またそういう契約がなかったとしても、多くの金融機関では、最悪利息分が入金されれば、翌月まで待ってもらうことができるはずです。

なぜ利息分なのかというと、利息というのが金融機関の利益になるため、利益が確保できれば取り敢えずは、減収にはならないということです。

こうすれば他社から無理な借入れを行わなくても、返済日は乗り越えることができます。もちろん翌月以降はしっかり返済をしていかなければなりません。
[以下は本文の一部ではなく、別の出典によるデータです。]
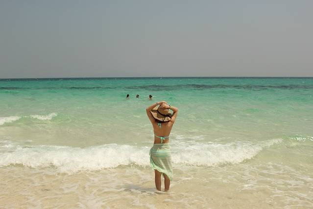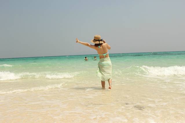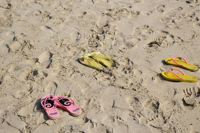 脱掉拖鞋,踩沙子吧,这里的沙子都很细,踩上去很舒服。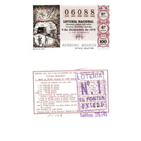 - Décimo da Lotaría Nacional de 1978 co motivo "Os Recursos naturais": imaxe que representa unha mina de sal xema. O número do décimo é o 06088 / ANVERSO. Impresión / 06088 / Lotería Nacional. Décima parte del billete para el sorteo del día 9 de diciembre de 1978 / El jefe del servicio (sinatura) / 4880804 - 006088 / 48/78 / 8ª fracción / 4ª serie / Precio 100 pesetas / Mina de sal gema (imaxe) / Octava fracción / Fca. Nal. de Moneda y Timbre / REVERSO. Impresión / Sorteo del día 9 de diciembre de 1978. Sistema moderno. 17 series de 80.000 billetes de 1.000 pesetas. (Resumo de premios) / Extracto de la instrucción de Loterías (texto) / Próximo sorteo: 16 de diciembre. Billetes de 1.000 ptas., en décimos de 100 ptas
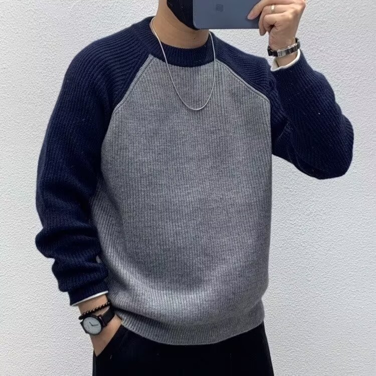 色合わせの肩袖のセーターの男性の2024秋冬の新型のカジュアルな丸首は底のニットの上着のファッションの札を打ちます。

このように金融機関との意思疎通は、普段正常に借入れと返済ができているときは必要はありませんが、緊急事態の時には極めて重要なことになるのを忘れないようにしてください。

先行きの返済も不透明な場合

翌月以降返済できるならいいが、その見通しもない。やはり借入れするしか当面乗り切る方法が無いというような状況に追い込まれている人もいるかもしれません。

しかしそうした場合、考えなければならないのは、新たな借入先の返済も始まるという事です。落ち着いて考えればすぐにまた返済に行き詰ってしまう事はよくわかると思います。

したがって苦しければ苦しいほど、返済のために新たな借り入れを行うようなことは、お勧めできなくなってしまうのです。ではどうしたらよいのでしょうか。

そういう場合、現在の契約にある返済方法では返済していくことは難しいという事です。このため、返済を継続していくためには、契約内容を見直すしか方法はありません。そもそも無理な契約だったという事です。

契約を見直すというのは、債務整理を行うという事です。債務整理には次のような方法がありますが、いずれも契約を見直して、月々の返済額を減額、あるいはなくしてしまう事になります。

債務整理の方法

方法 内容
任意整理 金融機関と借り手が話し合って返済方法について見なおす方法
特定調停 簡易裁判所に仲介してもらって返済方法について見なおす方法
民事再生 任意整理や特定調停では返済が無理な場合で、住宅を手放したくない時、裁判所の判断を仰いでそれ以外の債務を減額してもらう方法
自己破産 裁判所の判断を仰いで債務を帳消しにしてもらう方法

ただし、これを行うと信用は失墜することになり、おこなった金融機関は以後利用できませんし、他の金融機関でもブラックということになって暫くの間利用することはできなくなってしまいます。

それは困るという人もいるかもしれませんが、借りたお金を返せない以上、そういったペナルティーも受け入れなければなりません。借入れを繰り返した挙句に自己破産するよりも、なるべく早いうちに対策してしまう事を勧めます。

債務整理は自分でも行なうことができますが、相手はこういったことに慣れている金融のプロである金融機関です。不利な条件を飲まされる可能性もあります。したがってそういったことを避けるためにも、債務整理をする場合には弁護士に依頼するようにしましょう。